Simulator Overview

Introduction

This page provides an overview of the multi-robot simulator which is available to you as part of this class. The simulator allows you to simulate a large number of independent robots, easily modify the algorithms the robots use, and measure various aspects of their performance. The robots move in a simulated world, have simulated sensors, and simulated movement. The robots' algorithms only know what that robots sensors would show (with optional noise), and can only move in a physically sensible manner. There is basic collision detection to prevent robots from moving through obstacles or other robots. The simulator is designed such that you can easily add your own sensors to the robots, change any noise parameters, experiment with new algorithms, send simulated data transmissions between robots, measure many aspects of the performance of any individual or the entire swarm, run many simulations while changing one parameter, and visualize the execution of an algorithm with a simple GUI. The simulator is written in Java.

Simulator Architecture

sim_diagram.svg

The simulator is organized into three packages: swarmsim, sensors, and algorithms. Everything that's not a sensor or an algorithms is in swarmsim. The diagram above shows the important classes in swarmsim and examples of the classes in sensors (all of which implement the interface Sensor) and algorithms (all of which implement the interface Algorithm.

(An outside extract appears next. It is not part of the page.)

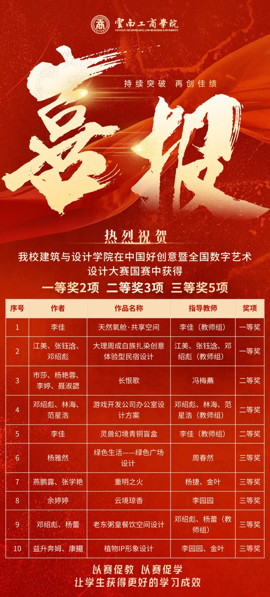 学校高度重视本次大赛,自接到大赛通知起,第一时间在校内启动赛事宣讲,组织专业培训。通过校内选拔赛,从众多参赛作品中精心评选出具优秀创造表现力的作品代表学校参赛。此次获奖既彰显了学校在设计领域的专业实力,也体现出学生卓越的创新能力和实践技能。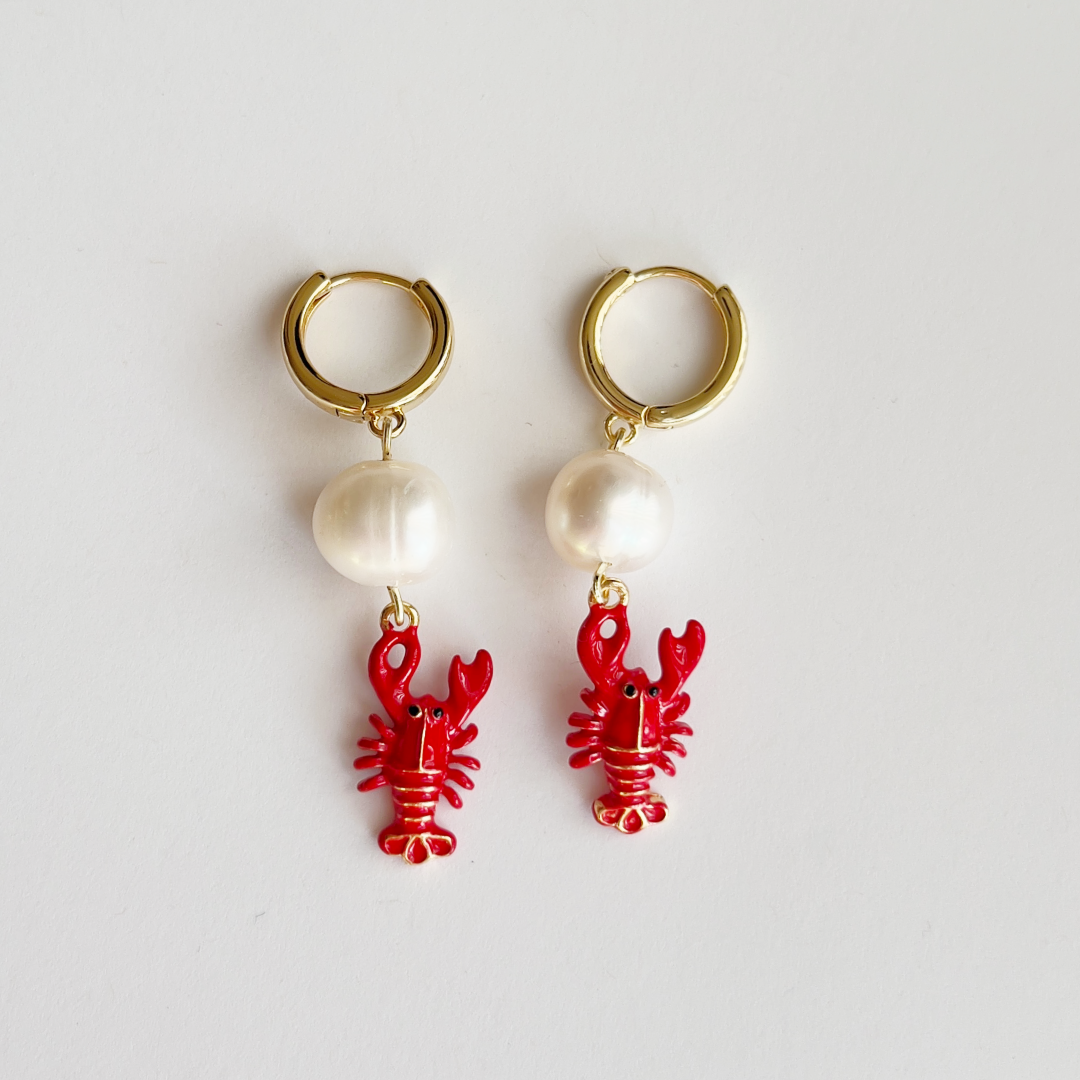Inject some lively, flirty vibes into your style with these Red Lobster Earrings! Featuring a cute lobster charm holding onto a gorgeous freshwater pearl and adorned with gold plated details, these earrings are the perfect way to add a pop of red to any outfit.

The basic control flow begins in the Controller where each Algorithm is called in turn. The Algorithms get information from the Sensors which calculate their reading using the WorldState. For example, if a robot had an IR proximity sensor, the sensor code would access the WorldState and knowing the position of the robot its attached to as well as the positions of all other objects, it would calculate whether or not the proximity sensor would sense something. It would then hand this information up to the Algorithm. The Algorithm implements some logic by which Actions are created. These could be move or turn actions, or pick-up-food actions, for example. Each robot's Algorithm creates zero, one, or more Actions and delivers them to Physics to be executed. Physics carries out the action to the extent it's possible, and may intentionally add noise. For example, if a robot has requested to move forward ten meters in a single time step, Physics would not allow this. There is also simple collision detection which, if enabled, will prevent a robot from taking an action which would cause it to occupy the same physical space as another object.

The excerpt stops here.